The result of the whole investigation was that Paschalis and Campulus and their accomplices were found guilty of high treason and condemned to death, a sentence which, on the intercession of the pope, was commuted to perpetual banishment into Frank-land.
During the weeks that the papal trial was proceeding Charles, of course, abode in Rome, whether in one of the old imperial dwellings on the Palatine, or as an honored guest of the pope at the Lateran, we are not informed. It was observed that now, as on the occasion of a previous visit to Rome, out of courtesy to the pope he laid aside his Frankish dress—a tunic with silver border, a vest of otter-skins and sable, and a blue cloak—and wore instead, after the Roman fashion, a long tunic and a chlamys[63] over it, shoes also made like those of the Romans, instead of his Frankish boots with stockings and garters.

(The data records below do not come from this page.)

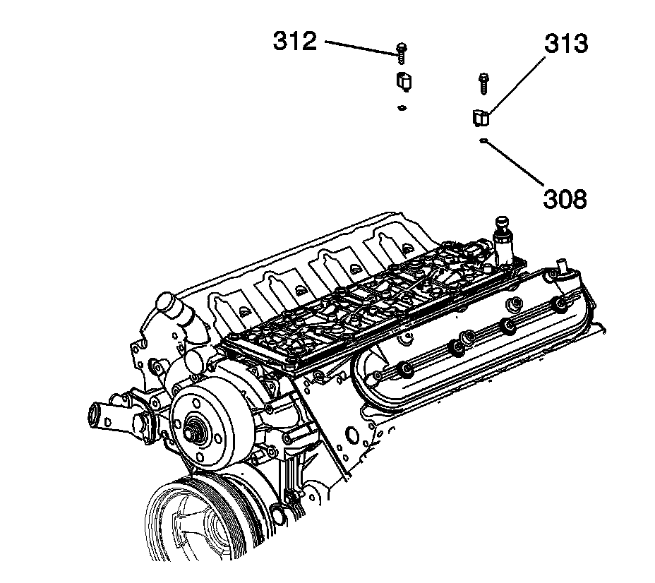 4. As required, install either a new plug or the earlier design coolant air bleed covers (313) and gaskets (308).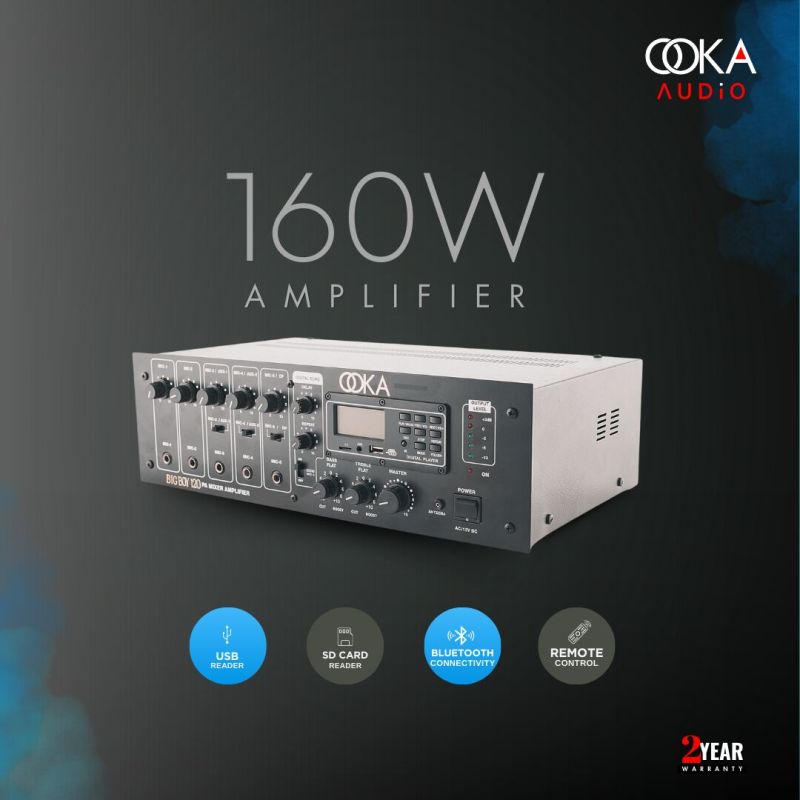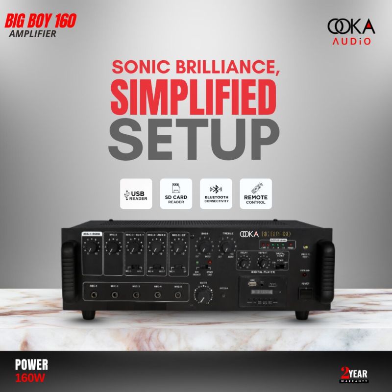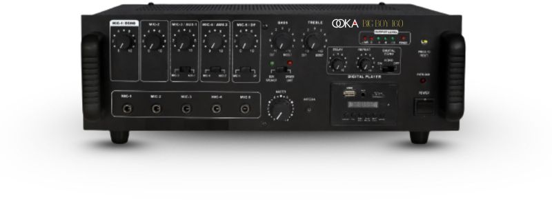 OOKA Big Boy 160Amplifierdelivers160W RMS of powerful, distortion-free sound. With 5 mic inputs, 2 aux inputs, and versatile speaker outputs (4, 8, 70V & 100V), it ensures seamless connectivity. Its wide frequency response and precise tone controls make it ideal for professional audio setups and events.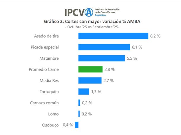 El Instituto de Promoción de la Carne Vacuna (IPCVA) informó este lunes que los precios de los cortes de carne más populares subieron un promedio de 2,8% en octubre de 2025 para los comercios ubicados en el Área Metropolitana de Buenos Aires (AMBA), con un incremento notable del 8,2% en el asado de tira.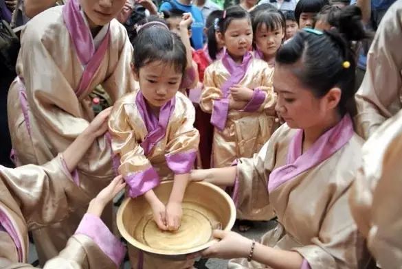 根据《礼记》和《弟子规》而流传下来的“开学仪式”历经千年未改。通常包括正衣冠、行拜师礼、净手净心、开笔礼。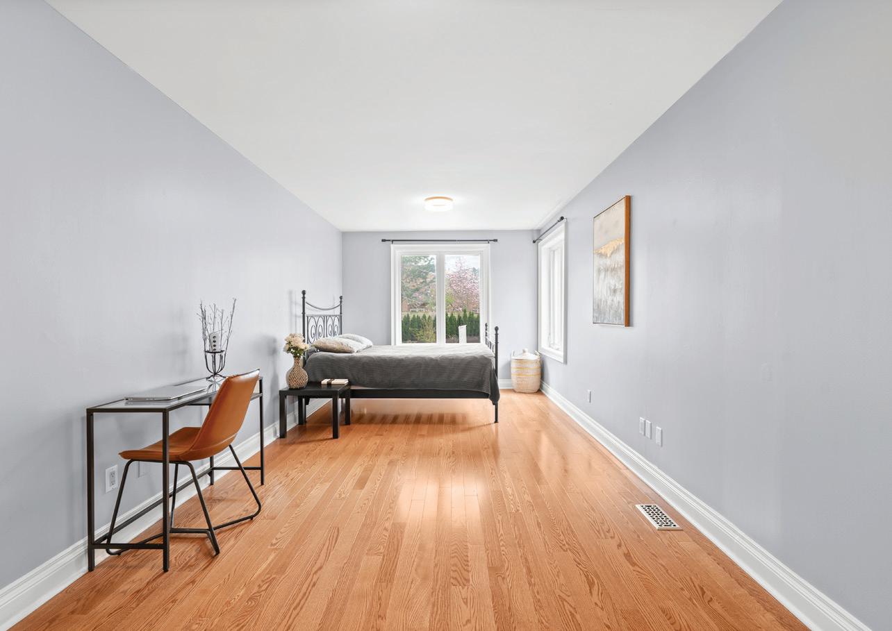 The third bedroom enjoys abundant natural light with oversized windows facing the rear gardens, wood floors, a central light fixture, and convenient four-piece ensuite.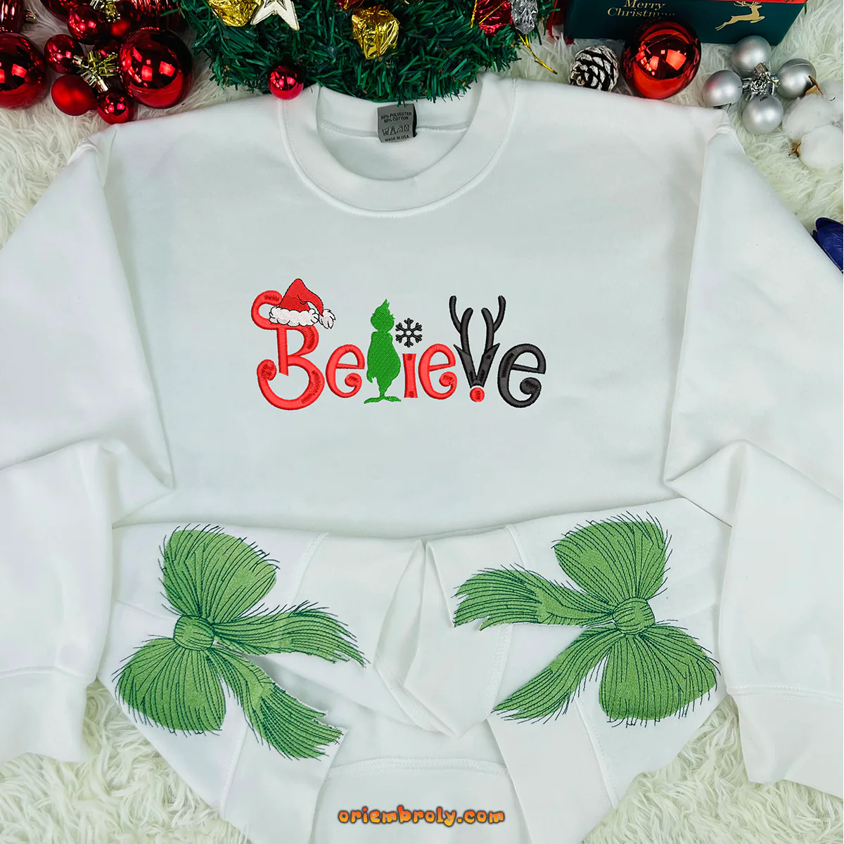 Christmas Believe embroidered sweatshirt with side bow, Merry Xmas Embroidery Pullover, Happy Winter Season Gift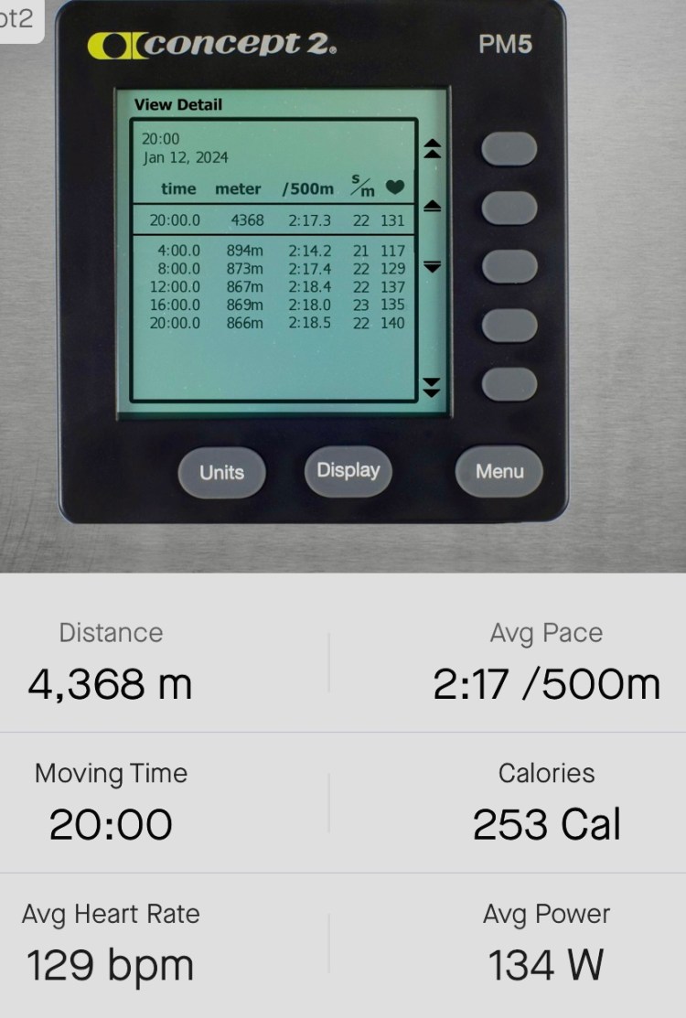 Quick Erg 20 minute session followed by strength session consisting of 20 dumbell single arm rows, 10 barbell bench press, 20 dumbell tricep curls, 20 barbell squats, 1 minute plank, 30 crunches on Swiss ball

It was precisely during this month of December that by a fortunate coincidence, the priest Zacharias, whom more than a year before Charles had sent on a mission to the holy places, returned from the East. Two monks came with him, from Olivet and St. Saba, sent by the Patriarch of Jerusalem, and bringing by way of blessing from that ecclesiastic the keys of the Holy Sepulchre and of Calvary, of Jerusalem and Mount Zion, together with a consecrated banner. A more striking testimony to the world-wide fame of the Frankish conqueror could hardly have been rendered than this, which must have been meant to invest Charles with a kind of protectorate over the most sacred sites in Christendom.